Gene-Focused Networks Underlying Phenotypic Convergence in a Systematically Phenotyped Cohort With Heterogeneous Intellectual Disability

Front Bioeng Biotechnol. 2020 Feb 7:8:45. doi: 10.3389/fbioe.2020.00045. eCollection 2020.

Abstract

The broad spectrum of intellectual disability (ID) patients' clinical manifestations, the heterogeneity of ID genetic variation, and the diversity of the phenotypic variation represent major challenges for ID diagnosis. By exploiting a manually curated systematic phenotyping cohort of 3803 patients harboring ID, we identified 704 pathogenic genes, 3848 pathogenic sites, and 2075 standard phenotypes for underlying molecular perturbations and their phenotypic impact. We found the positive correlation between the number of phenotypes and that of patients that revealed their extreme heterogeneities, and the relative contribution of multiple determinants to the heterogeneity of ID phenotypes. Nevertheless, despite the extreme heterogeneity in phenotypes, the ID genes had a specific bias of mutation types, and the top 44 genes that ranked by the number of patients accounted for 39.9% of total patients.
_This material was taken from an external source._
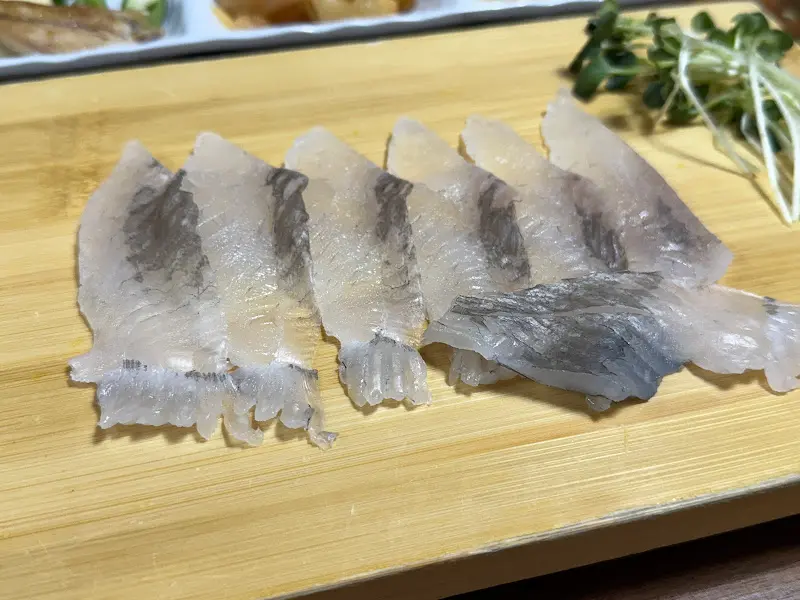 가장 먼저 눈에 띈 것은 역시 회였다. 두툼하게 썰린 회는 윤기가 자르르 흘렀고, 보기만 해도 신선함이 느껴졌다. 한 점 입에 넣으니, 쫄깃하면서도 부드러운 식감이 입안 가득 퍼져 나갔다. 신선한 바다의 향과 함께 느껴지는 감칠맛은 정말 훌륭했다. 특히, 지느러미살까지 함께 썰어 넣어주시는 센스에 감탄했다. 꼬들꼬들한 지느러미살은 씹을수록 고소한 맛이 더해져, 회의 풍미를 더욱 깊게 만들어주었다.

More interesting, enriched co-occurrent phenotypes and co-occurrent phenotype networks for each gene had the potential for prioritizing ID genes, further exhibited the convergences of ID phenotypes. Then we established a predictor called IDpred using machine learning methods for ID pathogenic genes prediction. Using10-fold cross-validation, our evaluation shows remarkable AUC values for IDpred (auc = 0.978), demonstrating the robustness and reliability of our tool. Besides, we built the most comprehensive database of ID phenotyped cohort to date: IDminer http://218.4.234.74:3100/IDminer/, which included the curated ID data and integrated IDpred tool for both clinical and experimental researchers. The IDminer serves as an important resource and user-friendly interface to help researchers investigate ID data, and provide important implications for the diagnosis and pathogenesis of developmental disorders of cognition.

Keywords: co-occurrent phenotype; gene-focused networks; intellectual disability; machine learning; pathogenic genes prediction; phenotypic convergence.